Federal Reserve Board Governor Elizabeth Duke Friday said that in the wake of the U.S. housing crisis, certain areas with high residential-property vacancy rates will require government intervention to heal.
An "unprecedented volume of foreclosures" has "left us with an extraordinary level of vacant and distressed properties," Duke told a luncheon audience at a distressed residential real estate conference hosted by the Federal Reserve Bank of New York.
"In order to see the robust economic recovery we all want, we need to deal effectively with the large volume of vacant and distressed properties throughout the country," she said.
"Certainly, different housing markets will recover in different ways and at different paces," Duke added. "In some areas, the private market will lead the way, while in others, government will have to use precious resources wisely to catalyze recovery."
For its part, "I can assure you the Federal Reserve System will continue to support recovery through the use of all its policy tools and research capacity," she said.

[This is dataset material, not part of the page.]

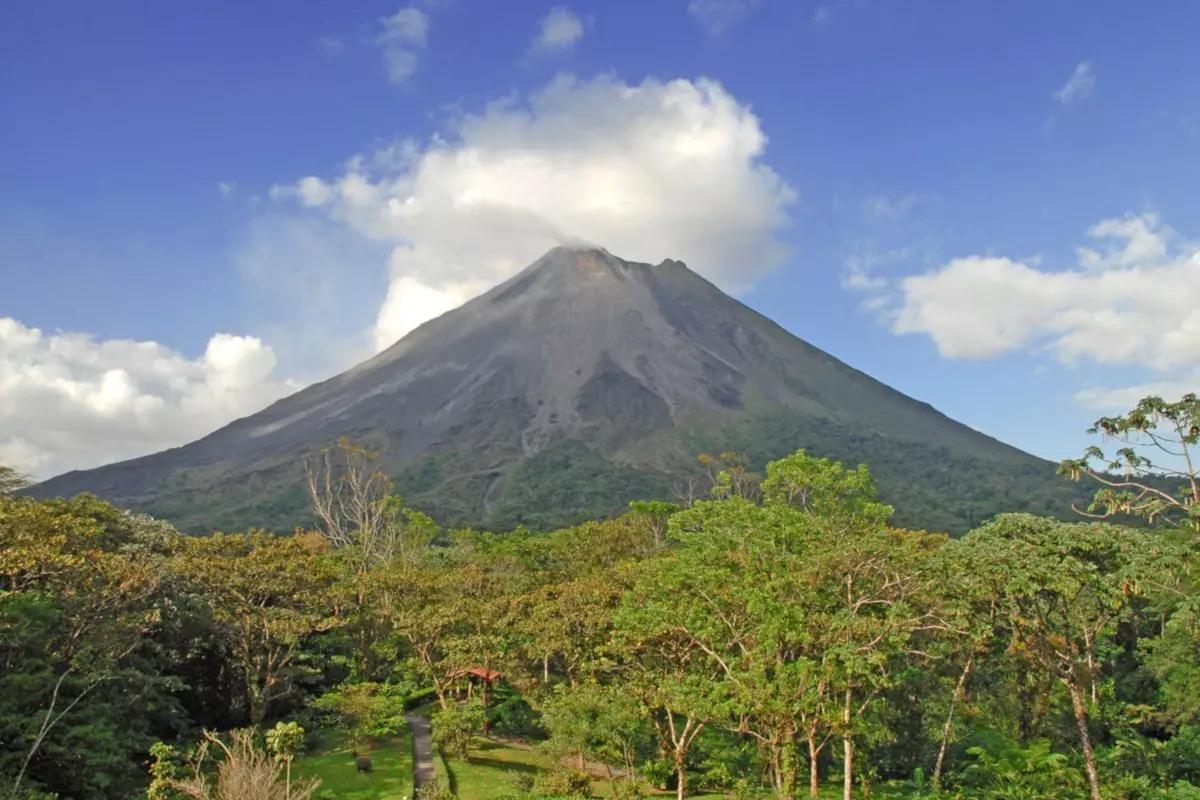 La Fortuna is located at the foot of the beautiful cone-shaped Arenal volcano, which was inactive for more than 400 years until a violent eruption one day in 1968, which caused mass destruction and buried several small villages. However, the volcano has remained calm since 2010 and is described as a dormant volcano that is safe to visit.

The costs of such solutions must be weighed against the "costs of doing nothing," she said, and pointed to demolition and conversion costs that taxpayers may ultimately bear.
But Duke also noted "signs of improvement" in U.S. housing conditions this year, including rising home prices that have moved a "noticeable number of underwater households ... from negative equity to positive equity." Still, she cautioned that "these struggling high-vacancy areas provide evidence of the hard work that remains."
For-sale vacancies, however, are only one part of total vacancy volume, she said.
"Many vacant homes are not on the market at all," Duke said, and noted those in the foreclosure process and bank-owned homes not yet for sale, as well as those vacant for reasons unrelated to foreclosure.
"The stock of non-seasonal homes held off market is nearly two and a half times as large as the for-sale vacant stock," she said. This component of vacancies has not declined "at all" in the past year, she added.
The Fed governor said there is "no one-size-fits-all" solution to the vacancy conundrum. Neighborhood stabilization efforts must take different forms.
In what she called "housing boom" areas - metropolitan areas where there are long-term vacancies among relatively newly built homes, and where median incomes, home values and education levels are higher - a useful solution could include conversions to rental units, especially as the rental market tightens. In these areas, notably Phoenix, there are signs of investor purchases that are resulting in more rental stock, she said.
But Duke cautioned against "aggressive" investor activity that could "crowd out potential homeowners, especially low- to moderate-income households." She praised government programs that offer a "first look" window of time during which only non-investors can bid on properties.
Turning to Baltimore, a "low demand" areas of high long-term vacancy rates, Duke cheered the city's initiative that includes an array of approaches, including "targeted housing code enforcement to foster redevelopment," homebuyer incentives and, in certain hardest-hit communities, demolition.
She also said that tighter, more prudent mortgage-lending standards should not "unnecessarily dampen the housing recovery and disproportionately affect creditworthy low-income and minority homebuyers."